Imagine a typical weekday at Arista Recovery's Overland Park location. You arrive around 8:45 a.m., grab a coffee, and check in. By 9 a.m., you're in a small group room with others who understand your journey. This authentic environment is a core aspect of partial hospitalization.

A PHP weekday typically spans about six hours, five days a week, aligning with the ASAM Level 2.5 standard of at least 20 clinical hours weekly 1. The morning often begins with a brief check-in, discussing sleep, cravings, and immediate concerns. This transitions into a process group, where a licensed clinician facilitates discussions about your recovery progress.

Mid-morning usually involves a skills group, focusing on techniques from Cognitive Behavioral Therapy (CBT) or Dialectical Behavioral Therapy (DBT). These sessions help you practice identifying and reframing thoughts to choose healthier responses. After lunch, your schedule might include a one-on-one therapy session, a medication-assisted treatment check with the medical team, or an experiential therapy session like art therapy or sand tray work.

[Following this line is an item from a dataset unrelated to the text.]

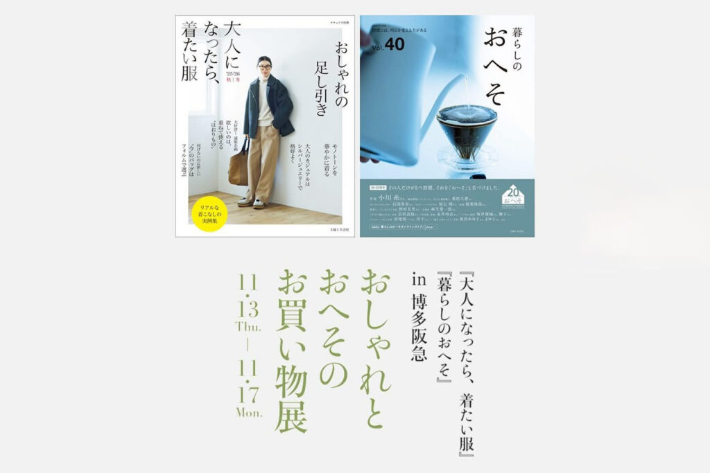 こちらのイベントはそれぞれの雑誌に登場するブランドや作り手さんが阪急博多に集結し、大人世代にぴったりの服と小物と出会えたり、毎日の習慣がちょっと変わる器や雑貨を手に入れたりと、「おしゃれとおへそのお買い物」を楽しめる特別な5日間。

By approximately 3 p.m., you head home. You can attend to family responsibilities, go to a meeting, prepare dinner, and sleep in your own bed. This rhythm, though demanding, is intentional. PHP is designed to integrate treatment with real-life responsibilities, emphasizing the importance of consistent engagement even when motivation wavers.

Understanding ASAM Level 2.5

The American Society of Addiction Medicine (ASAM) Criteria provide a standardized way to classify the intensity of care. Partial hospitalization is designated as Level 2.5, signifying a specific level of clinical service intensity. This classification is crucial for insurance authorization, including Medicaid, and helps define the structure of a treatment program. PHP delivers a minimum of 20 clinical hours per week, positioning it above intensive outpatient care and just below 24-hour residential treatment 1.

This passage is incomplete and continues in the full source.